Arthur Miller, target
Here's a story I missed in the American press: Arthur Miller's FBI file has been now been opened up. Read about it here, courtesy of Canada's CBC.
Apparently despite lack of evidence, the FBI was convinced Miller was an active Communist Party member.
His FBI file, stretching from 1944 to 1956, showed he was under close surveillance through press clippings and informants. The FBI studied his plays to detect Communist sympathy and noted who in the cast had left-wing connections.
The FBI kept records of Miller's political statements and his affiliation with organizations such as the American Labor Party ("a communist front") and the "communist-infiltrated" American Civil Liberties Union.
As for Marilyn, she must have been in on it, too, of course:
When he married screen idol Marilyn Monroe in 1956, the FBI had an informant at the scene.The report at the time says "an anonymous telephone call" disclosed that the Jewish wedding was an obvious "coverup" for Miller, who "had been and still was a member of the CP (Communist party), and was their cultural front man."
Just think what the new post-Patriot Act FBI might be getting up to with artists who dare to express doubts about the "War on Terror" or sympathy with Arabs--or, worse, the French!
2 comments:
Your final paragraph is exactly right -- to all those who shrug off the Patriot Act by saying "I've got nothing to hide," this should remind them that it doesn't matter if you've got nothing to hide.
Young people don't remember that it doesn't matter whether or not you've done anything. Informants are perfectly willing to make stuff up to keep getting paid. A friend of mine filed a FOIA demand for his FBI file.
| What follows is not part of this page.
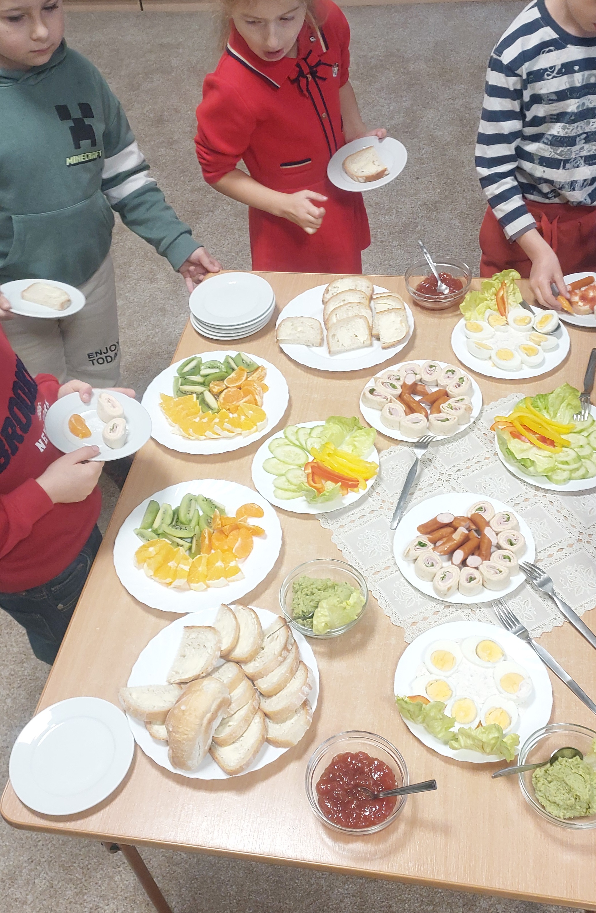 talerzy pełnych różnorodnych smakołyków, które zachęcają dzieci do próbowania różnych potraw wyrabiając jednocześnie nawyki zdrowego odżywiania.

It arrived--in a set of crates. Had someone catalogued every moment of his life, he felt, there couldn't be that much.
And there wasn't. There were reports of organizations that had never existed, meetings he'd never attended, girlfriends he'd never had, parties he'd never given and on and on and on. Long after he'd given up any active political work, he was still an income source for informants, and it was more than 20 years before the FBI concluded that the subject was "no longer worthy of surveillance."